- Dataset entries -
+ + + + + + +

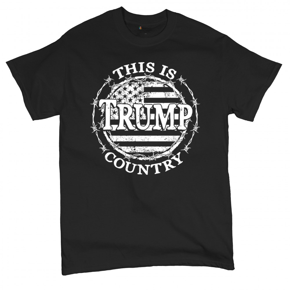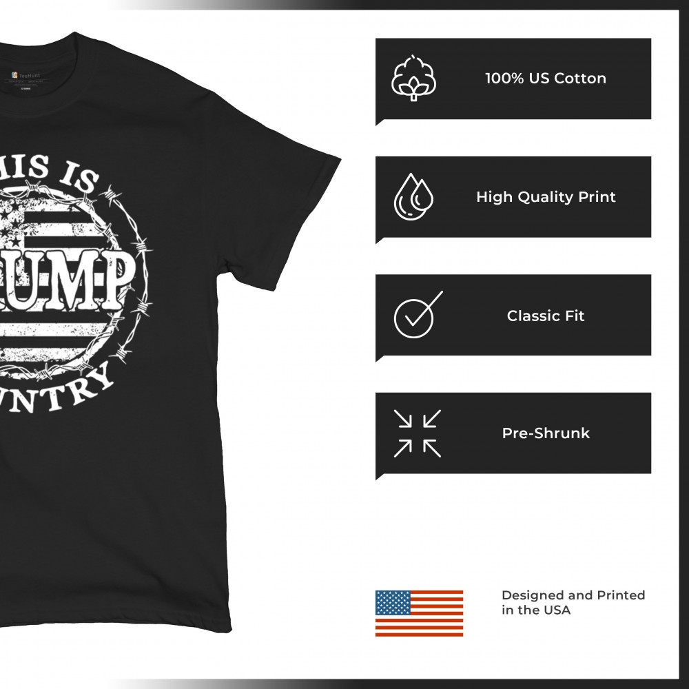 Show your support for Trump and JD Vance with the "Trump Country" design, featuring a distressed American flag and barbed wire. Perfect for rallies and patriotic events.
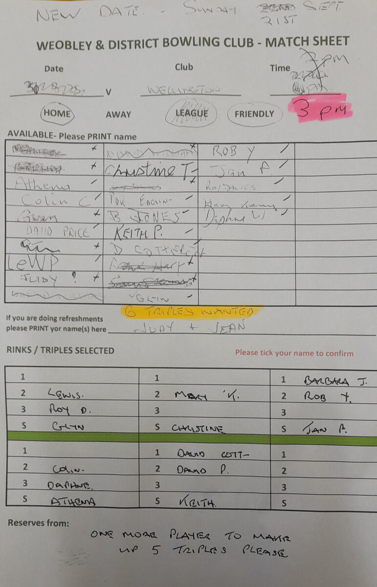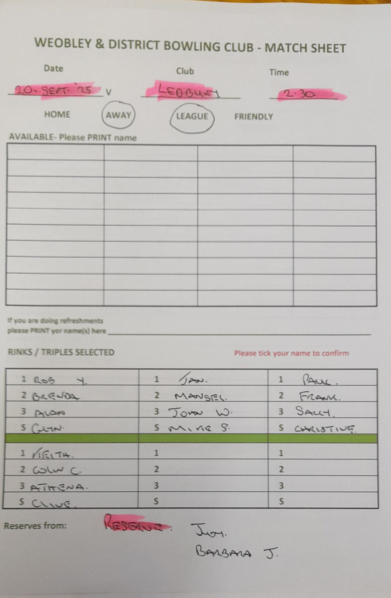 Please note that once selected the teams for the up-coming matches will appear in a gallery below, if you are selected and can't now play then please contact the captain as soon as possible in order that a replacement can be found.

+ + + + + + +

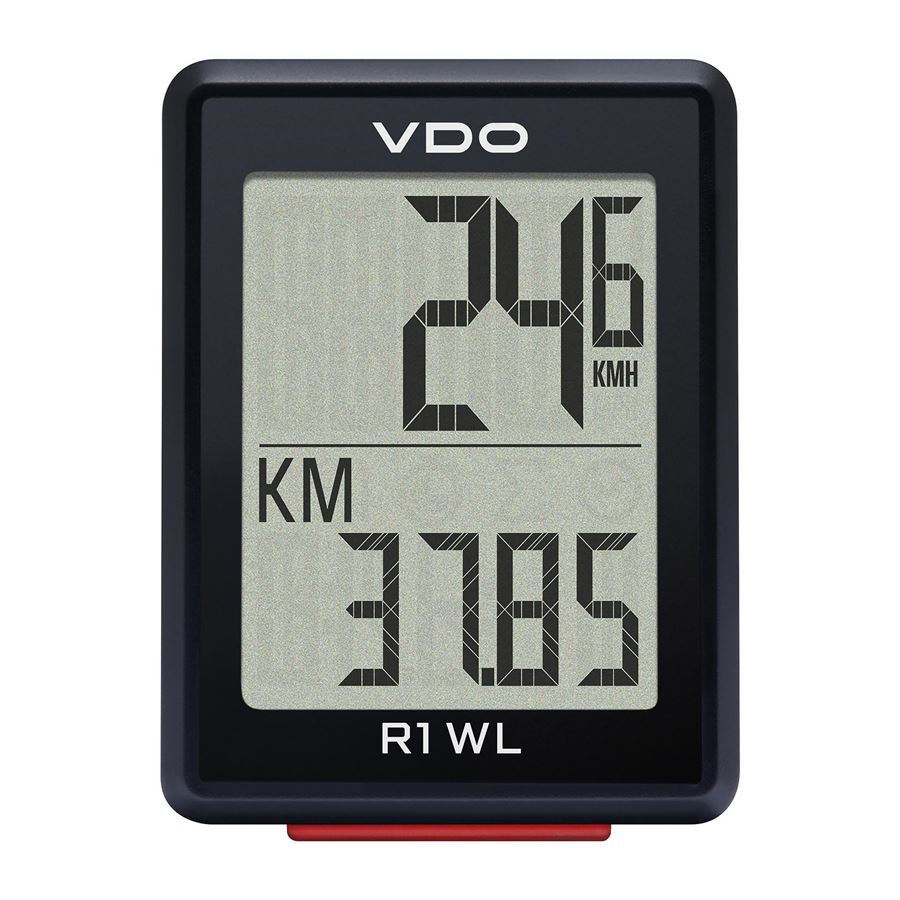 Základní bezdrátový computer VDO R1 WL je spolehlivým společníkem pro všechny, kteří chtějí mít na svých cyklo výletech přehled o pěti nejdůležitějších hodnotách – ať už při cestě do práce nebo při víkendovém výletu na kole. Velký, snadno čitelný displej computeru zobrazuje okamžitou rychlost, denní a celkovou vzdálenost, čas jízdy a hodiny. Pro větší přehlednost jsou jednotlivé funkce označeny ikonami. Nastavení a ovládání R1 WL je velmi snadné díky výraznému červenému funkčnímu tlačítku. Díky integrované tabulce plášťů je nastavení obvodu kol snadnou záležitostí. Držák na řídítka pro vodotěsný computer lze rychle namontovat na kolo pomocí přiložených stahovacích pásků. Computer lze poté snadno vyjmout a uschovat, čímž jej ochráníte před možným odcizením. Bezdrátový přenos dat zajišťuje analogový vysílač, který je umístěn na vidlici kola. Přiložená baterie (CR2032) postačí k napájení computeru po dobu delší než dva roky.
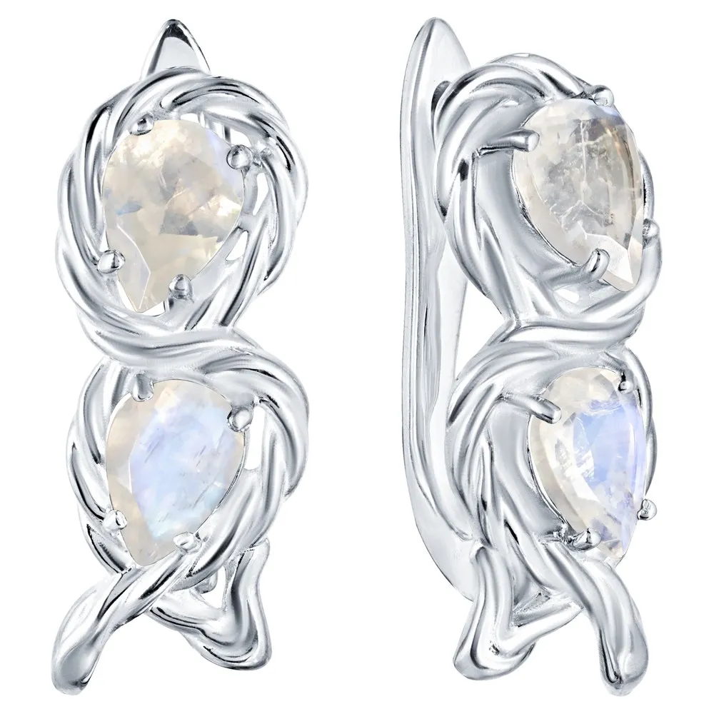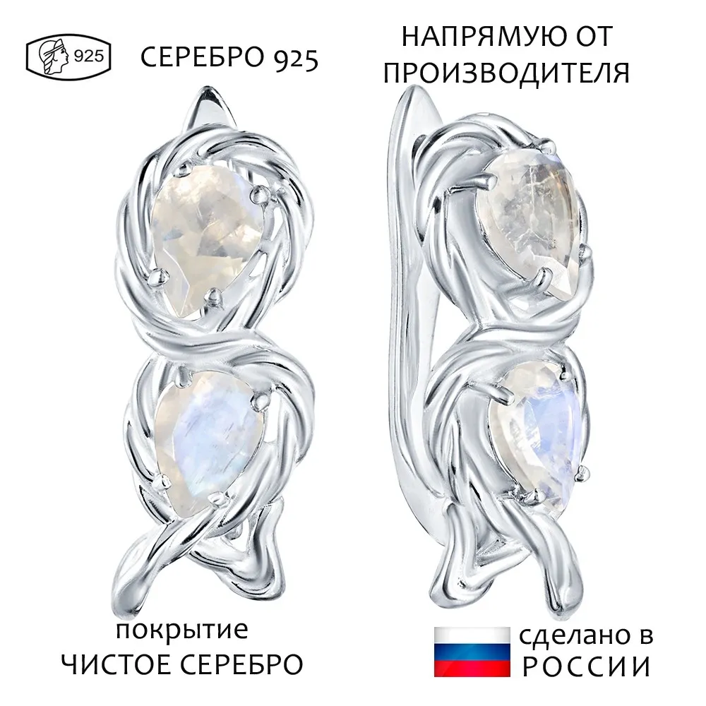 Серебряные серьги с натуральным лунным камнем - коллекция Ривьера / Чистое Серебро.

+ + + + + + +

- What to do -
In the entries above, find the line with "Show your support" and the line with "Please note that". Write out exactly those two lines and every line between them, pictures excluded.

- Result below -
 Show your support for Trump and JD Vance with the "Trump Country" design, featuring a distressed American flag and barbed wire. Perfect for rallies and patriotic events.
 Please note that once selected the teams for the up-coming matches will appear in a gallery below, if you are selected and can't now play then please contact the captain as soon as possible in order that a replacement can be found.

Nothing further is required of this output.